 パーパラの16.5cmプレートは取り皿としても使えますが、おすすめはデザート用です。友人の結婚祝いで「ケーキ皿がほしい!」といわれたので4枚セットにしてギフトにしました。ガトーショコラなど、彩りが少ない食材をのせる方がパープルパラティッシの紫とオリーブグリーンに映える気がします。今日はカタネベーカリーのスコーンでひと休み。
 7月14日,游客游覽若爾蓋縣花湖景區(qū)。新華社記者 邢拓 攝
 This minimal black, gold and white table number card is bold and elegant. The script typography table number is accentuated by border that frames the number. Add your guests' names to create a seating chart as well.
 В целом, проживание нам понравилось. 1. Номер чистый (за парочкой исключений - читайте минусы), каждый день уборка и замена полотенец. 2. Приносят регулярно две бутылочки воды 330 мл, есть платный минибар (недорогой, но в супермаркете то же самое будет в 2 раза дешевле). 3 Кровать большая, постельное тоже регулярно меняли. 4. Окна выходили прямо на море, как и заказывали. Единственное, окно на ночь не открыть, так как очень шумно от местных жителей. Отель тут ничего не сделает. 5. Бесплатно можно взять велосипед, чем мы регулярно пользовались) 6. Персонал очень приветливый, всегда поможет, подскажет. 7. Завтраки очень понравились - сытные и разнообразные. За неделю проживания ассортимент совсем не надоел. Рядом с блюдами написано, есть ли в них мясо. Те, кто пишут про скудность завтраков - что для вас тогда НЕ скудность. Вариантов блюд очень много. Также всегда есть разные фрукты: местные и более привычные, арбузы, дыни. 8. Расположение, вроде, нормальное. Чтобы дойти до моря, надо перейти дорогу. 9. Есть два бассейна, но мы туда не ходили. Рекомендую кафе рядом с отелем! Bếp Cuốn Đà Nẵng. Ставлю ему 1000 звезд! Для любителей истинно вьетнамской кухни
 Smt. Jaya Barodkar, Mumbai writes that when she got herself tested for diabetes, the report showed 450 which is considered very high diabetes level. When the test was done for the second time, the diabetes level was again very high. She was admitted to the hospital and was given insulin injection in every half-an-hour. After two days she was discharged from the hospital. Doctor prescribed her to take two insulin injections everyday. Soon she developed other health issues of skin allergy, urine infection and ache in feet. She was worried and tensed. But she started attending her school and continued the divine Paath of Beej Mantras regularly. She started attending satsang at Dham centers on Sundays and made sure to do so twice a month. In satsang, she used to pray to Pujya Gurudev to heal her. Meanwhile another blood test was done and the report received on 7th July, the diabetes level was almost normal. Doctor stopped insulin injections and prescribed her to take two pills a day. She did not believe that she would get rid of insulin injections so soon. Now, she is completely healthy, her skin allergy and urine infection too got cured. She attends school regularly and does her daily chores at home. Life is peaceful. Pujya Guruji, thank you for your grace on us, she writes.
* * * * *
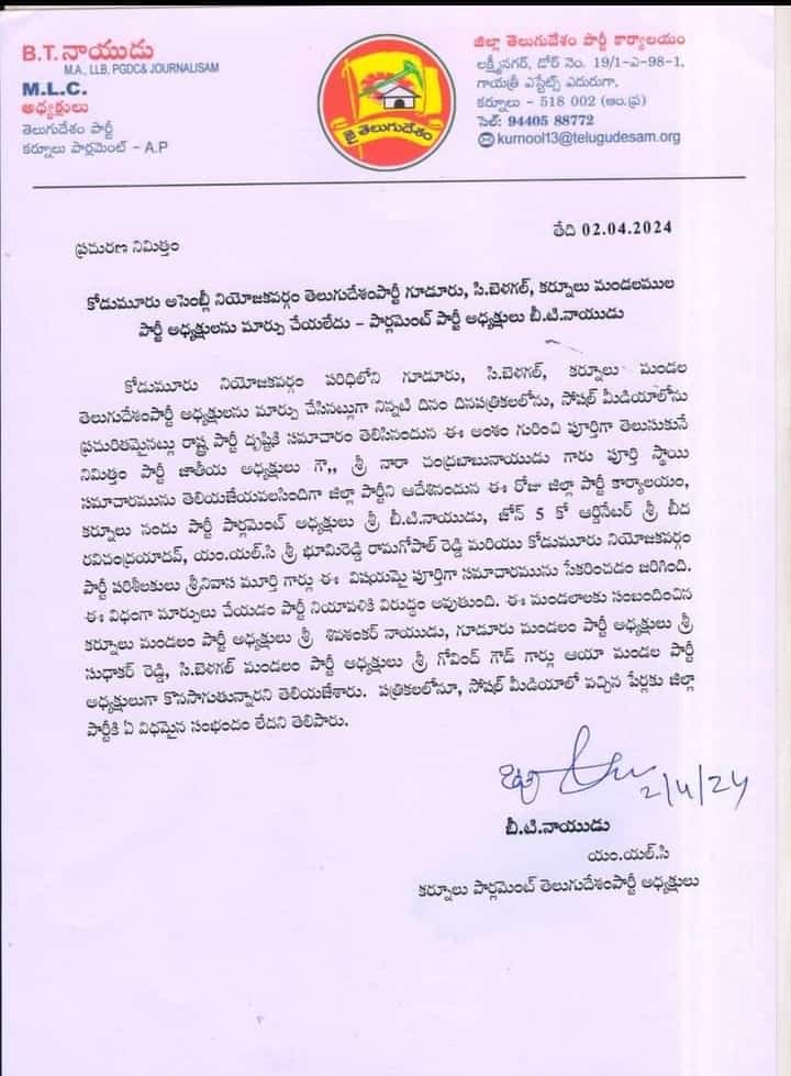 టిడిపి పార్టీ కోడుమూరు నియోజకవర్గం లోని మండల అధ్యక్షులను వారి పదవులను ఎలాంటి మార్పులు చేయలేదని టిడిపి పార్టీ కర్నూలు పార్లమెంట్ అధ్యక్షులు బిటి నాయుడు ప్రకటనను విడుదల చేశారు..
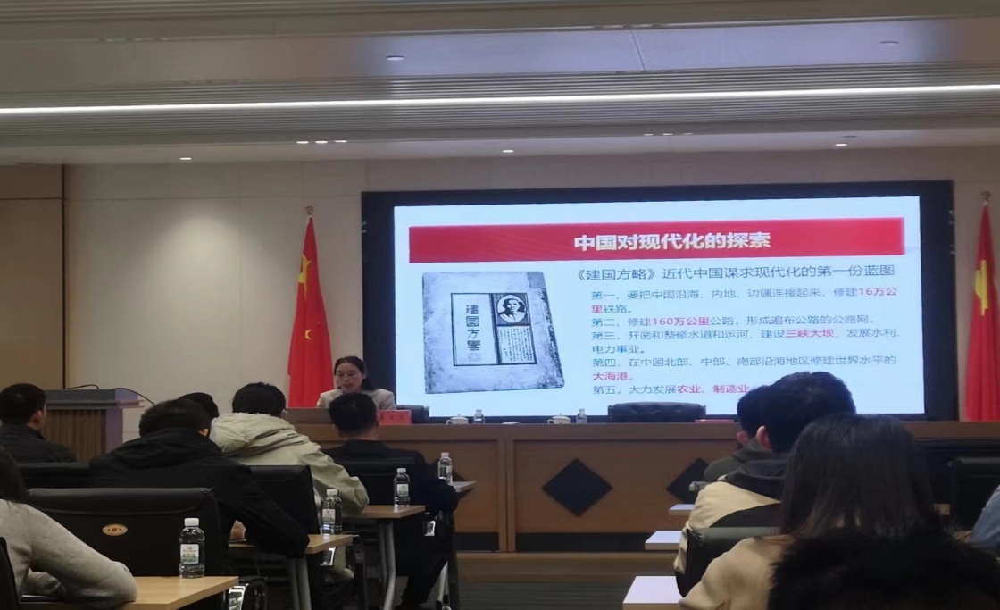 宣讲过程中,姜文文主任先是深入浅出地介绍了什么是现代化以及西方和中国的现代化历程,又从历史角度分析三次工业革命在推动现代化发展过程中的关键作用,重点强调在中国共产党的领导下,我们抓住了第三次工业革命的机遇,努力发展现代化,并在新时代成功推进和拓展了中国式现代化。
* * * * *
> **PROBLEM STATEMENT**
Only one stretch of the data is wanted: write out exactly the lines from the one holding "టిడిపి పార్టీ కోడుమూరు" through the one holding "宣讲过程中,姜文文主任先是深", both included, without the pictures.

> **RESPONSE FOR THIS EXERCISE**
 టిడిపి పార్టీ కోడుమూరు నియోజకవర్గం లోని మండల అధ్యక్షులను వారి పదవులను ఎలాంటి మార్పులు చేయలేదని టిడిపి పార్టీ కర్నూలు పార్లమెంట్ అధ్యక్షులు బిటి నాయుడు ప్రకటనను విడుదల చేశారు..
 宣讲过程中,姜文文主任先是深入浅出地介绍了什么是现代化以及西方和中国的现代化历程,又从历史角度分析三次工业革命在推动现代化发展过程中的关键作用,重点强调在中国共产党的领导下,我们抓住了第三次工业革命的机遇,努力发展现代化,并在新时代成功推进和拓展了中国式现代化。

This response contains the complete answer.